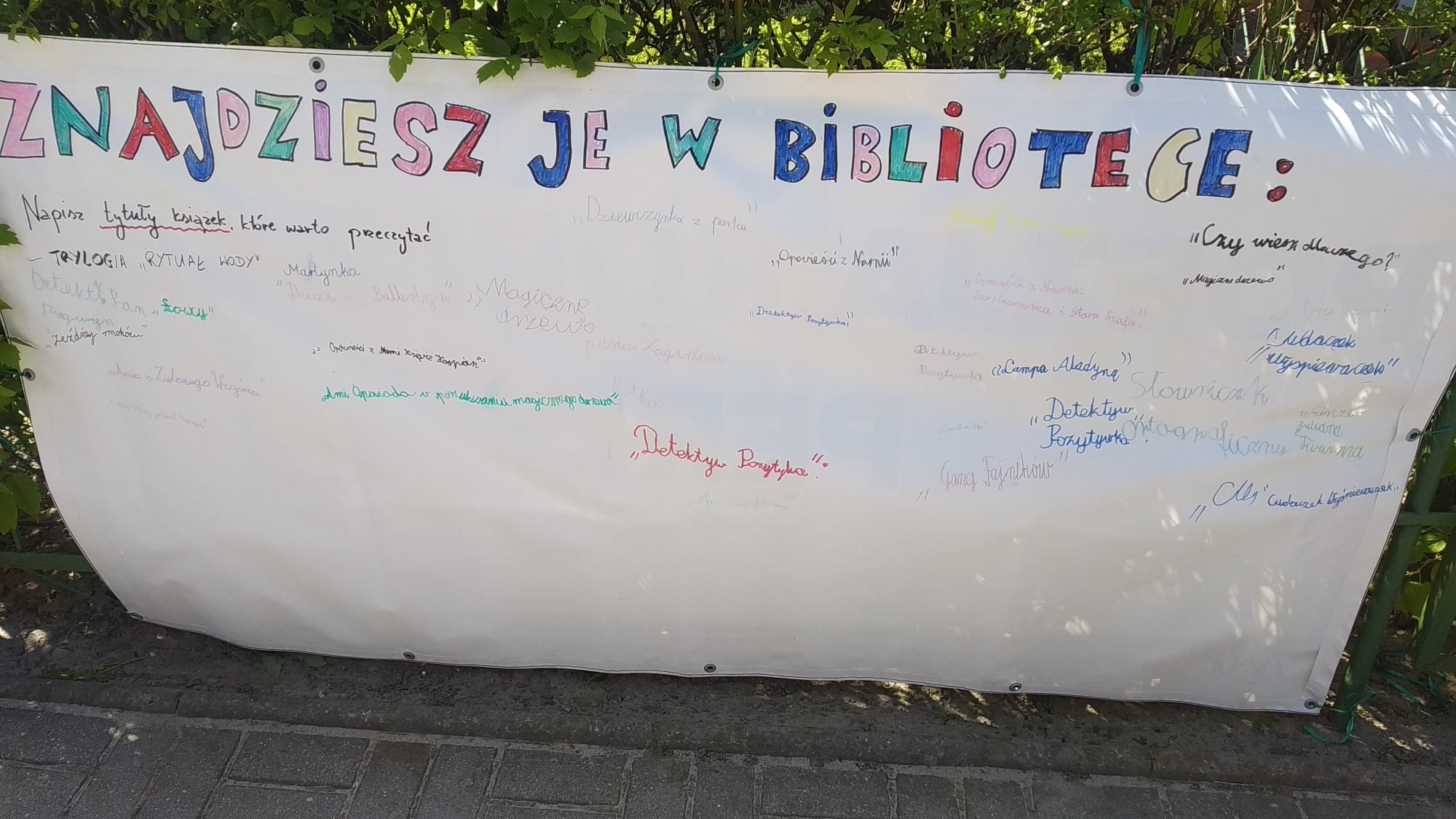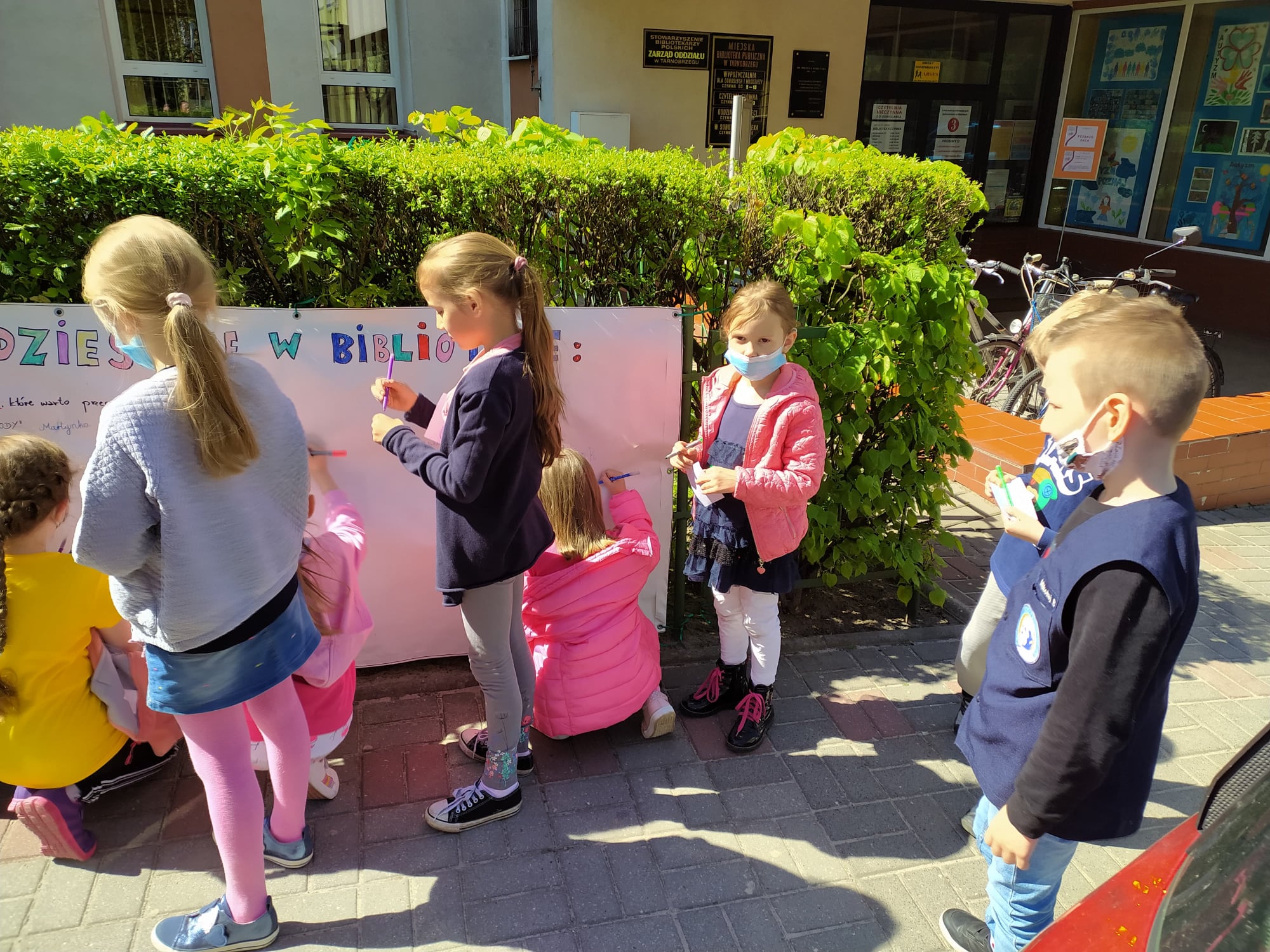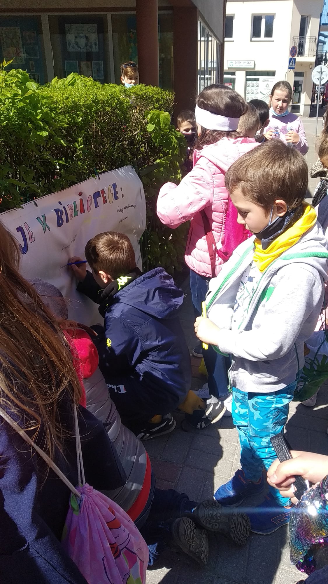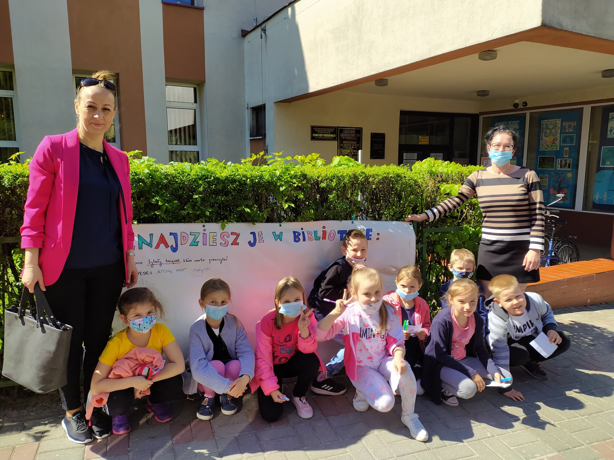 Miejska Biblioteka Publiczna im. dr. Michała Marczaka już po raz osiemnasty włączyła się do ogólnopolskiego programu Tygodnia Bibliotek. Tegoroczne hasło „Znajdziesz mnie w bibliotece” zachęca do odwiedzania bibliotek i poszukiwania interesujących nas książek oraz udziału w organizowanych imprezach czytelniczych. Pozwala ono również popatrzeć na bibliotekę jako na miejsce, które nic nie wymusza, a jedynie zaprasza, pozostawiając pełną dowolność w skorzystaniu z tego zaproszenia. Dlatego też uczniowie klas I-III wybrali się pod budynek biblioteki, aby na specjalnie przygotowanym banerze wypisać tytuły swoich ulubionych książek, które z chęcią poleciłyby innym.
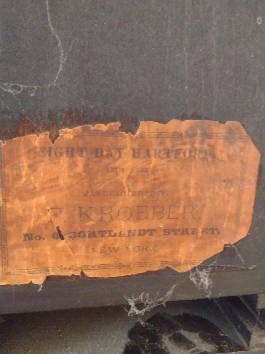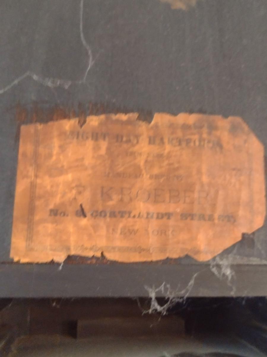 Wood Case Clock- Eight Day Wind Up- F. Kroeber. Item is untested.
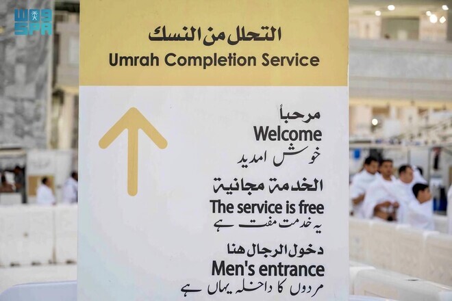 مسجد الحرام کے بیرونی صحنوں میں عمرہ زائرین کی سہولت کے لیے مفت بال ترشوانے کا خصوصی اہتمام کیا گیا ہے۔
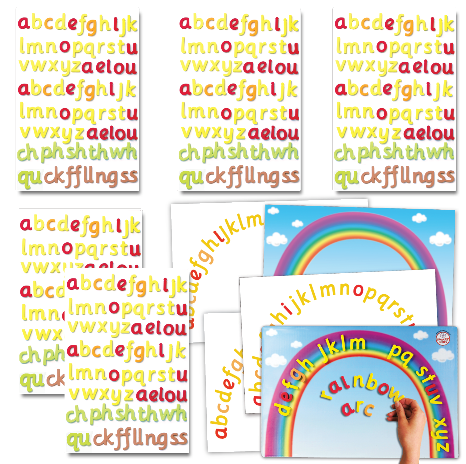 Contains a pack of 5 Alphabet Arc Mats and 5 sets of Magnetic Letters.
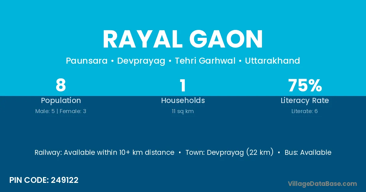 Devprayag (22 km) is the nearest town to Rayal Gaon village for major economic activities and is located approximately 22 km away.
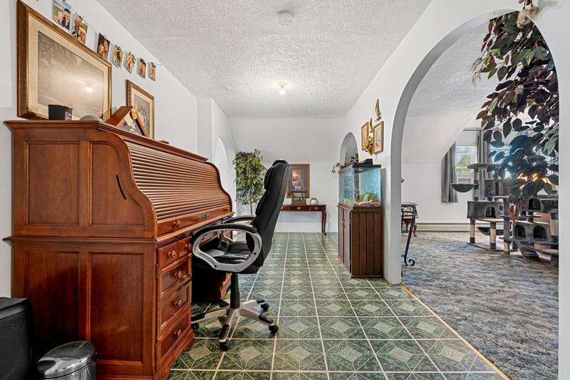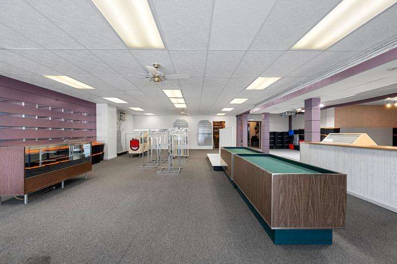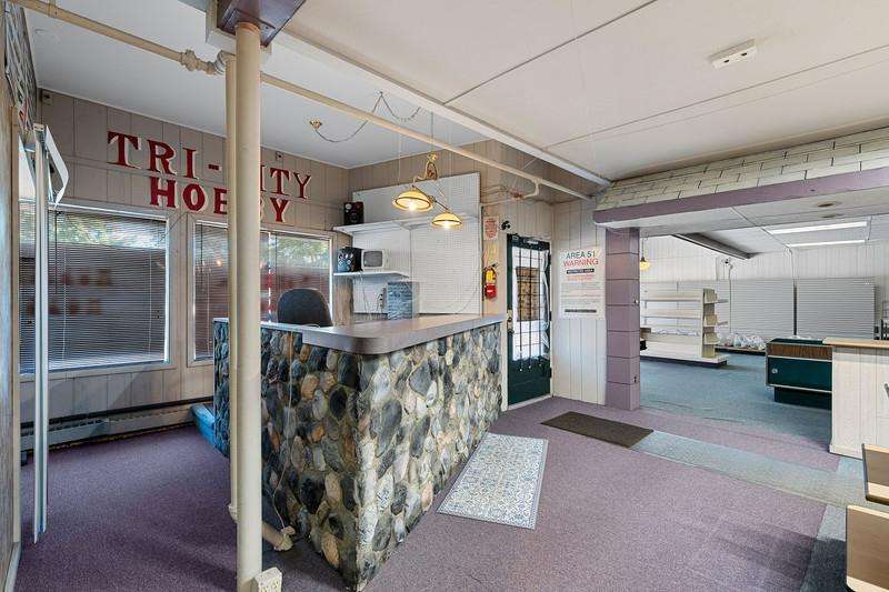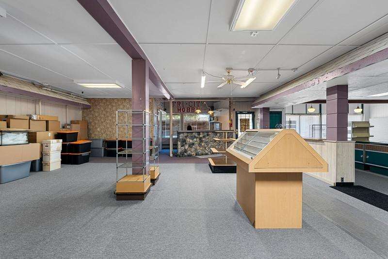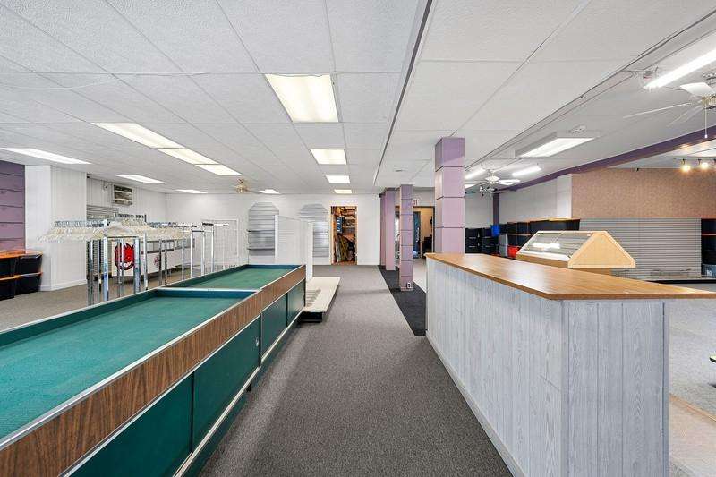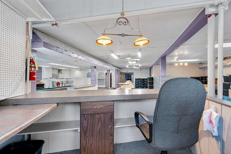 Large 2164 sq. ft retail space with access to full basement for additional storage or work space. The upper level 2128 sq. ft. is used as living space and utilizes a laundry area and bath and a rec room with a bar on the first level. The living area offers 2 large bedrooms and 2 baths. Primary bedroom has a huge walk in closet, very spacious living room and kitchen/dining area. 24 X 38 garage behind the building with alley access. Living space accessible from the back of the building as well as from inside. Siding and roofing were completed in 2015. Newer hot water heating system. Main level can be divided into multiple retail or perhaps offices or apartments?
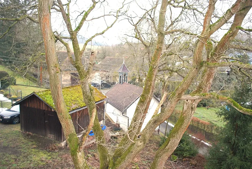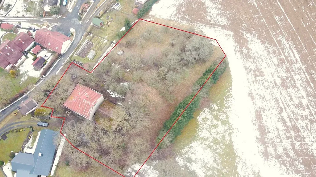 K domu náleží rozsáhlý pozemek o celkové ploše 3040 m2, jenž tvoří dvůr, velkou předzahrádku před domem, zahradu a ovocný sad, kde jsou vzrostlé ovocné stromy. Dům spolu se sadem na vyvýšeném místě nad vesnicí společně tvoří unikátní místo s krásným výhledem a poskytuje klid a soukromí.

:::

§ What to produce
Repeat, with no pictures, every line from the top of the entries above through the line that has "Devprayag (22 km)", keeping each one exact.

§ Task result
 Miejska Biblioteka Publiczna im. dr. Michała Marczaka już po raz osiemnasty włączyła się do ogólnopolskiego programu Tygodnia Bibliotek. Tegoroczne hasło „Znajdziesz mnie w bibliotece” zachęca do odwiedzania bibliotek i poszukiwania interesujących nas książek oraz udziału w organizowanych imprezach czytelniczych. Pozwala ono również popatrzeć na bibliotekę jako na miejsce, które nic nie wymusza, a jedynie zaprasza, pozostawiając pełną dowolność w skorzystaniu z tego zaproszenia. Dlatego też uczniowie klas I-III wybrali się pod budynek biblioteki, aby na specjalnie przygotowanym banerze wypisać tytuły swoich ulubionych książek, które z chęcią poleciłyby innym.
 Wood Case Clock- Eight Day Wind Up- F. Kroeber. Item is untested.
 مسجد الحرام کے بیرونی صحنوں میں عمرہ زائرین کی سہولت کے لیے مفت بال ترشوانے کا خصوصی اہتمام کیا گیا ہے۔
 Contains a pack of 5 Alphabet Arc Mats and 5 sets of Magnetic Letters.
 Devprayag (22 km) is the nearest town to Rayal Gaon village for major economic activities and is located approximately 22 km away.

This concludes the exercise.